12. Worked Examples¶

Example 1¶

How many float64 values fit in a 256-bit SIMD register?

[ 256 / 64 = 4 ]

Example 2¶

If a cache line is 64 bytes and each value is 8 bytes:

[ 64 / 8 = 8 ]

So one cache miss loads 8 elements.

Example 3¶

Explain why NumPy operations outperform Python loops.

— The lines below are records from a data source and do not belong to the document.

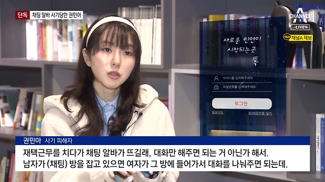 지난 20일 채널A에 따르면 권민아는 지난 6일 고수익을 보장해 준다는 말에 '채팅 알바'를 시작했다. 채팅 알바란 대화를 원하는 상대 남성과 그 방에 들어가서 익명으로 대화를 나눠주면 포인트를 선물 받고, 이를 현금으로 바꿀 수 있는 구조였다.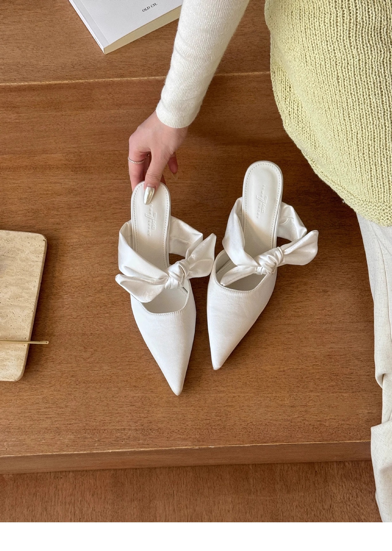 ¡Elingstudio Naibai Senior! Satén puntiagudo bowknot Muller tacones de aguja mujer puntera media pantufla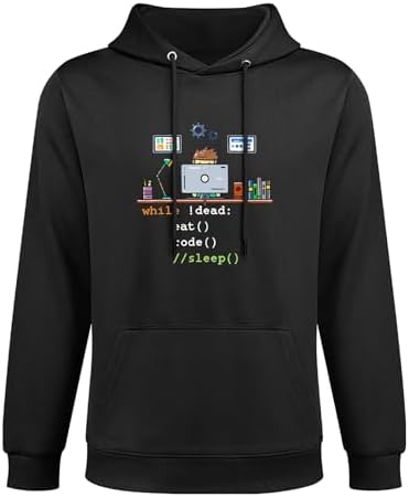 Eat Code Sleep Funny Coder Coding Programmer Hooded Sweatshirt, Soft Fleece Pullover Hoodie for Everyday Wear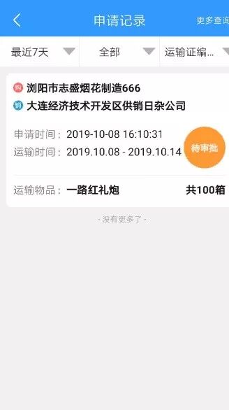 3、申請(qǐng)記錄查詢。登陸“e煙花”手機(jī)APP,點(diǎn)擊“申請(qǐng)記錄”,展示當(dāng)前運(yùn)輸證信息,點(diǎn)擊右上角“更多查詢”,可輸入查詢條件,查詢更多運(yùn)輸證的申辦信息。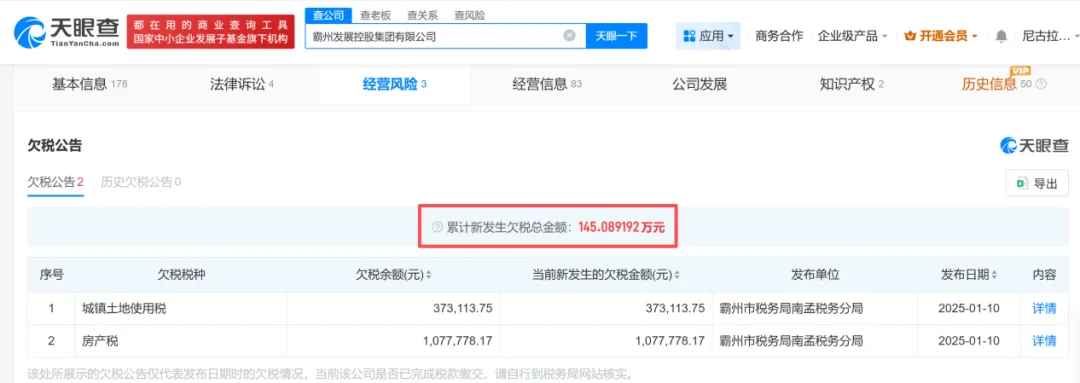 天眼查公开信息显示,2025年1月10日,国家税务总局霸州市税务局南孟税务分局披露,霸州发展控股存在城镇土地使用税、房产税欠缴情形,两项欠税余额分别为37.31万元、107.78万元,合计欠税145.09万元,且两项欠税均被明确标注为“当前新发生的欠税金额”。此次新增欠税加剧市场对其长期税务合规性的担忧。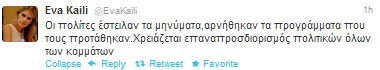 Η όμορφη πολιτικός από τη Θεσσαλονίκη, Εύα Καϊλή ανέβασε το δικό της μήνυμα μέσω του λογαριασμού της στο twitter για τις πολιτικές εξελίξεις και το αποτέλεσμα των εκλογών.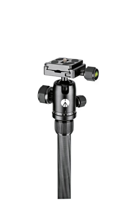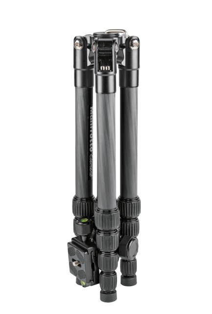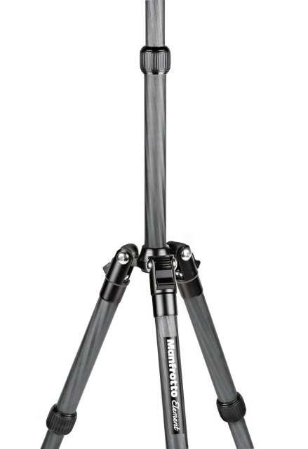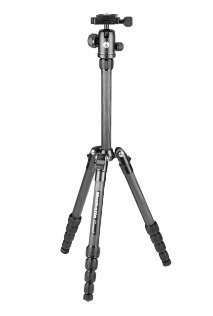 El pequeño trípode Manfrotto MKELES5CF-BH Element Traveller con rótula es un kit de viaje ultraportátil que pesa 1,05 kg, se pliega hasta alcanzar los 32 cm, se extiende hasta 143 cm y soporta una carga de 6 kg de cámaras CSC, con una rótula de aluminio tipo Arca de movimiento suave, bloqueo de giro independiente de 360°, patas con bloqueo giratorio y tres ángulos de inclinación, y columna central telescópica, además de una bolsa de transporte acolchada.
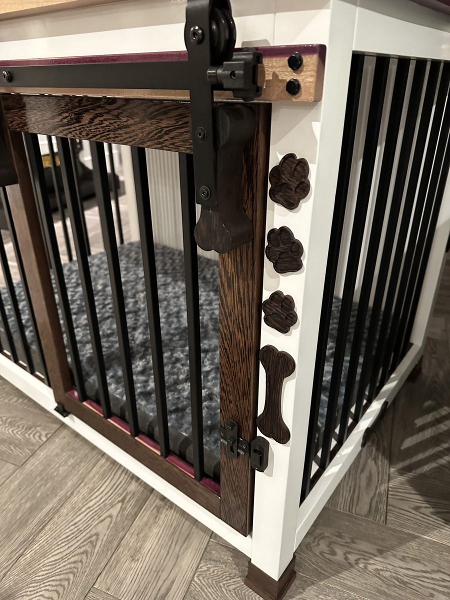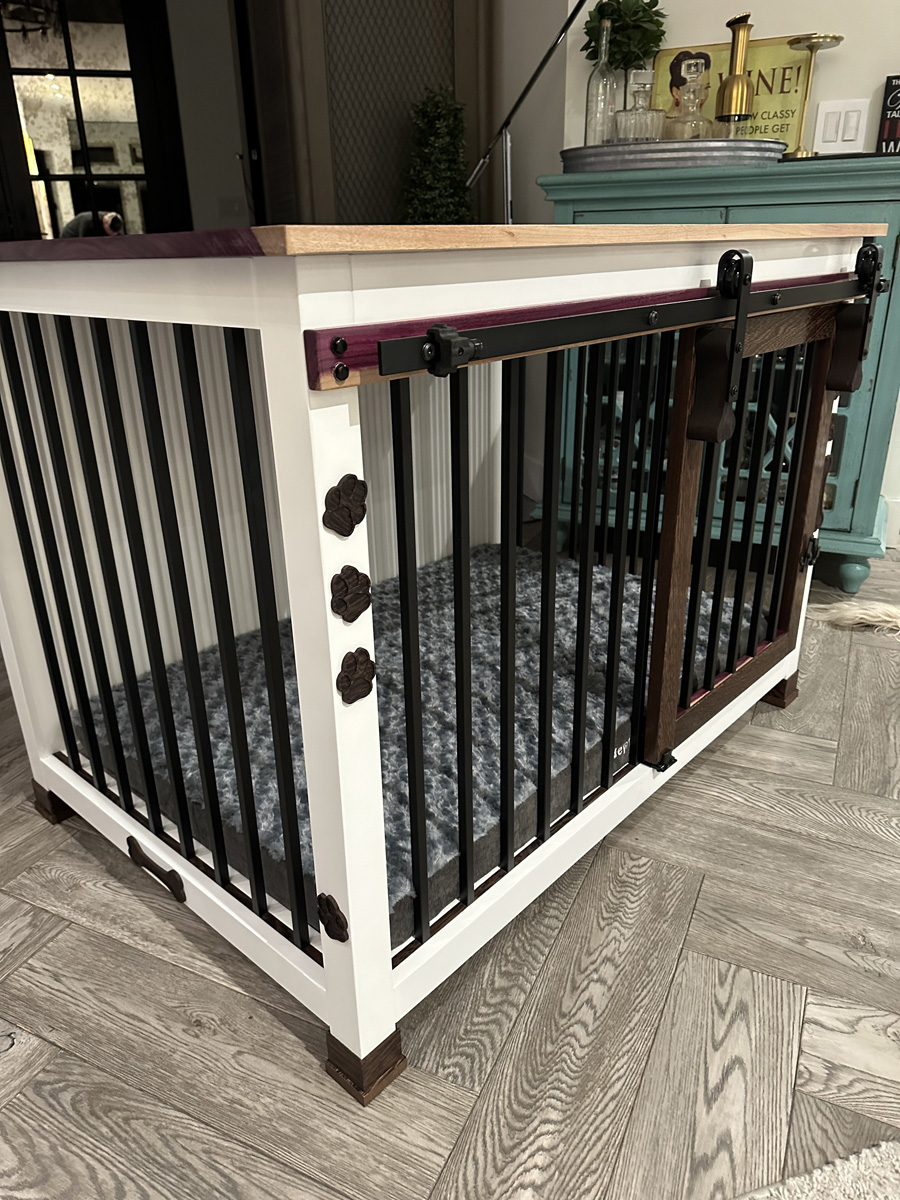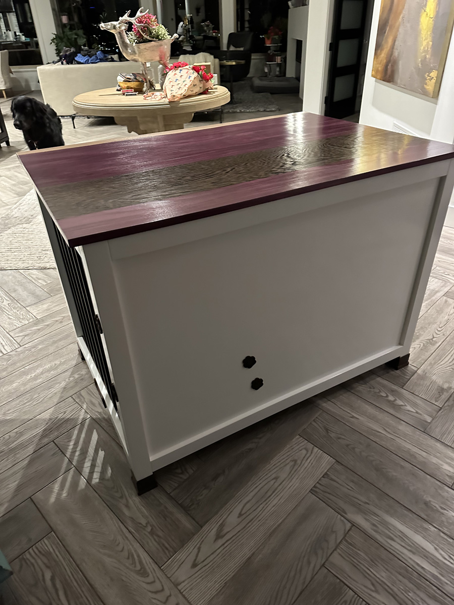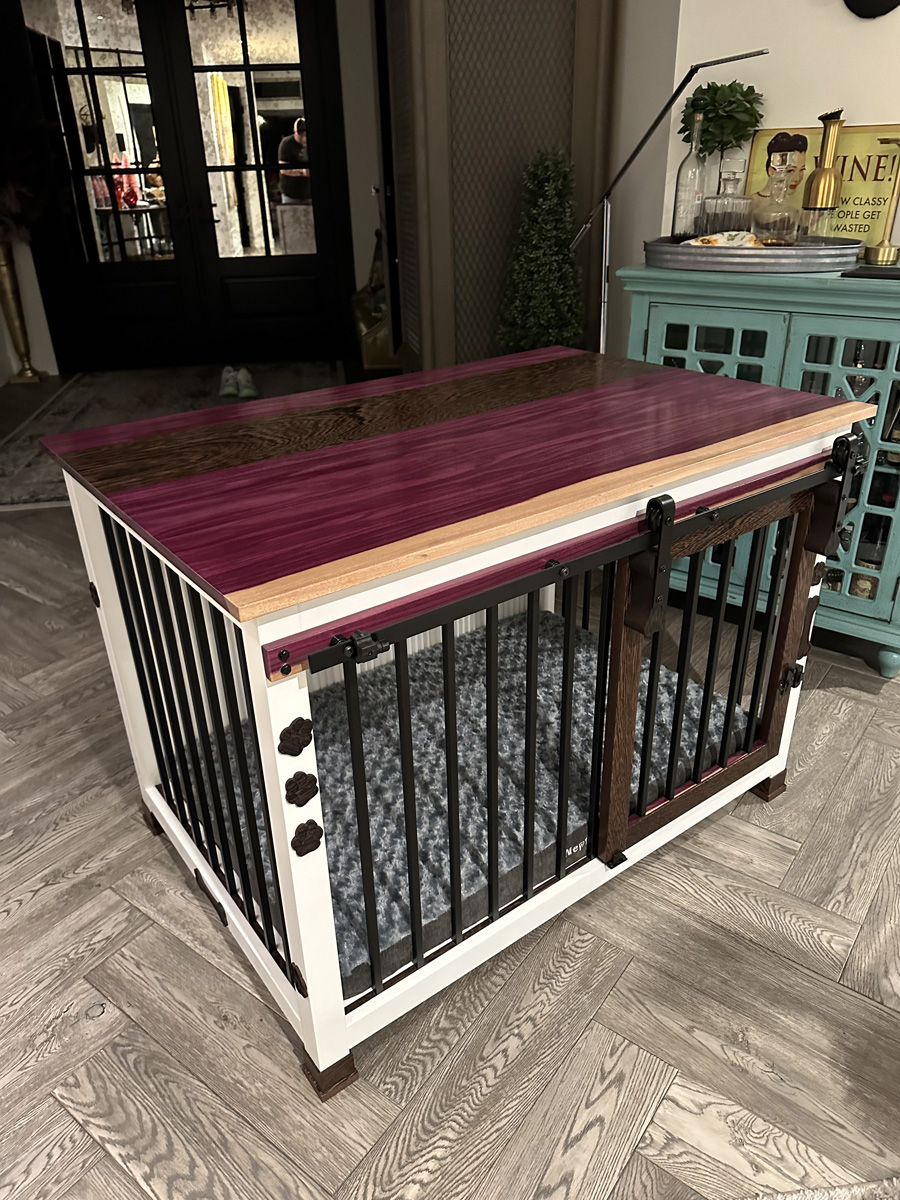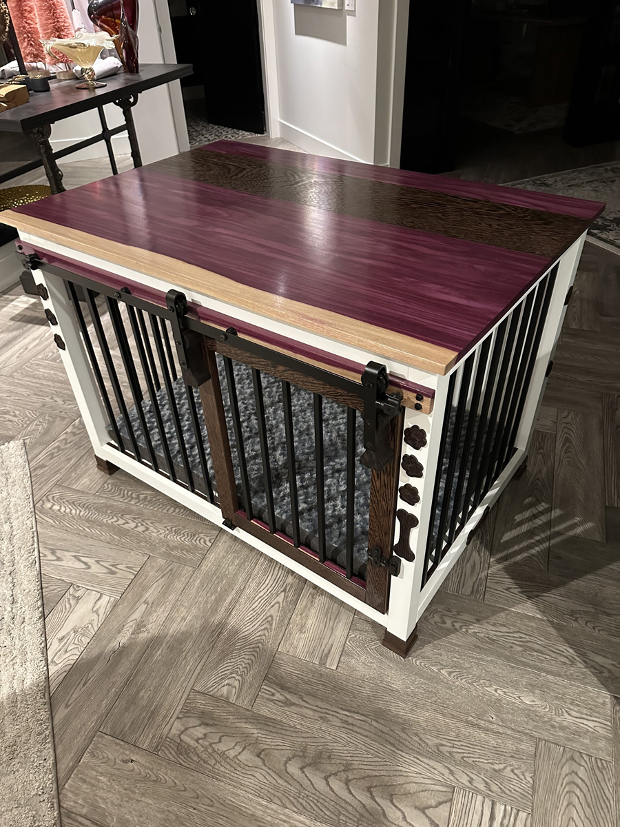 Purple Heart Dog Crate Pet Furniture Our client picked a fun design that gives it a ton of personality.

NumPy performs operations in compiled code using SIMD registers and contiguous memory, avoiding interpreter overhead.

13. Exercises¶

What are CPU registers used for?
How large are general-purpose registers on x86-64?
What is a cache line?
Why is sequential memory access faster than random access?
What is SIMD?
How many float64 values fit in a 512-bit register?
What causes conflict misses?
Why is NumPy faster than Python loops?

14. Short Answers¶

Temporary storage for CPU operations
64 bits
Block of memory transferred between cache and RAM
Cache lines preload nearby values
Single Instruction Multiple Data processing
8
Multiple addresses mapping to the same cache set
Vectorized compiled operations and contiguous memory

15. Summary¶

Registers are the fastest storage in a computer and hold temporary computation data.
Caches store recently accessed memory to reduce RAM access latency.
Memory is transferred in cache lines, typically 64 bytes.
Sequential access benefits from spatial locality.
Cache associativity affects how memory addresses map to cache sets.
SIMD registers allow multiple values to be processed in parallel.
NumPy exploits SIMD and contiguous memory to achieve much higher performance than Python loops.

Understanding registers and cache behavior is essential for writing efficient numerical and high-performance code.